1. Introduction

Artificial neural networks are powerful methods for mapping unknown relationships in data and making predictions. One of the main areas of application is pattern recognition problems. It includes both classification and functional interpolation problems in general, and extrapolation problems, such as time series prediction.

Rarely, neural networks, as well as statistical methods in general, are applied directly to the raw data of a dataset. Normally, we need a preparation that aims to facilitate the network optimization process and maximize the probability of obtaining good results.

In this tutorial, we’ll take a look at some of these methods. They include normalization techniques, explicitly mentioned in the title of this tutorial, but also others such as standardization and rescaling.

We’ll use all these concepts in a more or less interchangeable way, and we’ll consider them collectively as normalization or preprocessing techniques.

2. Definitions

The different forms of preprocessing that we mentioned in the introduction have different advantages and purposes.

2.1. Normalization

Normalizing a vector (for example, a column in a dataset) consists of dividing data from the vector norm. Typically we use it to obtain the Euclidean distance of the vector equal to a certain predetermined value, through the transformation below, called min-max normalization:

    [x'=\frac{x-x_{\min}}{x_{\max}-x_{\min}}(u-l)+l]

where:

  • x is the original data.
  • x' is the normalized data.
  • x _ {\ max}, x _ {\ min} are respectively the maximum and minimum values of the original vector.
  • u, l are respectively the upper and lower values of the new range for normalized data, x ' \in [l: u]. Typical values are [u = 1, l = 0] or [u = 1, l = -1].

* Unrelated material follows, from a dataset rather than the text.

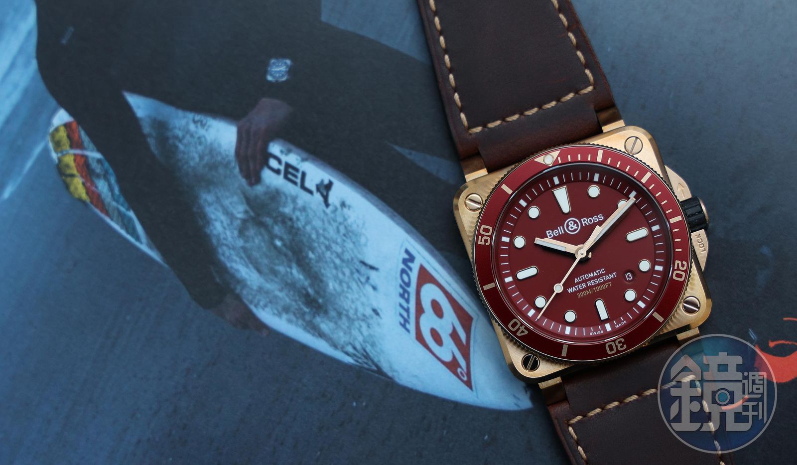 BELL & ROSS在2018年首度發表BR 03-92 Diver青銅款,是以2017年發表的BR 03-92 Diver基礎下換成青銅材質,造型跟線條的辨識度極高。後來品牌開始延伸出許多不同的面盤顏色,2018年是黑色、2019年是綠色,到2020年的藍色版本,嘗試與青銅材質激盪出不同的視覺效果。更換面盤顏色聽起來好像沒什麼難度,但要拿捏中間的色調就是一門學問,像是BELL & ROSS在BR 03-92 Diver青銅款在顏色上選得都很好,彩度偏暗一些,與青銅最初的顏色配起來不會太搶眼,但又保有自己的性格,視覺效果非常討喜,包括這次全新的「勃根地酒紅」也是同樣的操作。

The above equation is a linear transformation that maintains all the distance ratios of the original vector after normalization.

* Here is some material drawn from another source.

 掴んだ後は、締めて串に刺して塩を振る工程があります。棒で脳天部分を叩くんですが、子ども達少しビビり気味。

Some authors make a distinction between normalization and rescaling. The latter transformation is associated with changes in the unit of data, but we’ll consider it a form of normalization.

2.2. Standardization

Standardization consists of subtracting a quantity related to a measure of localization or distance and dividing by a measure of the scale. The best-known example is perhaps the called z-score or standard score:

    [x'=\frac{x-\mu}{\sigma}]

where:

  • \mu is the mean of the population.
  • \sigma is the standard deviation of the population.

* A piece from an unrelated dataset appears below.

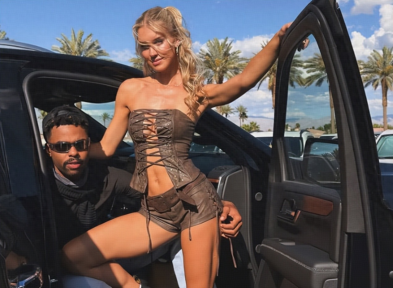 照片中,两人在车上深情相拥,劳拉身着性感的“辣妹装”,妩媚动人,非常性感,作为“NBA顶级花魁”,劳拉拥有极品身材,让人羡慕。

The z-score transforms the original data to obtain a new distribution with mean 0 and standard deviation 1.

Since generally we don’t know the values of these parameters for the whole population, we must use their sample counterparts:

    [\hat{\mu}=\frac{1}{N}\sum_{i=1}^{N}x_{i}]

    [\hat{\sigma}=\sqrt{\frac{1}{N-1}\sum_{i=1}^{N}(x_{i}-\hat{\mu})^{2}}]

where N is the size of the vector \mathbf {x}.

2.3. Batch Normalization

Another technique widely used in deep learning is batch normalization. Instead of normalizing only once before applying the neural network, the output of each level is normalized and used as input of the next level. This speeds up the convergence of the training process.

2.4. A Note on Usage

The application of the most suitable standardization technique implies a thorough study of the problem data. For example, if the dataset does not have a normal or more or less normal distribution for some feature, the z-score may not be the most suitable method.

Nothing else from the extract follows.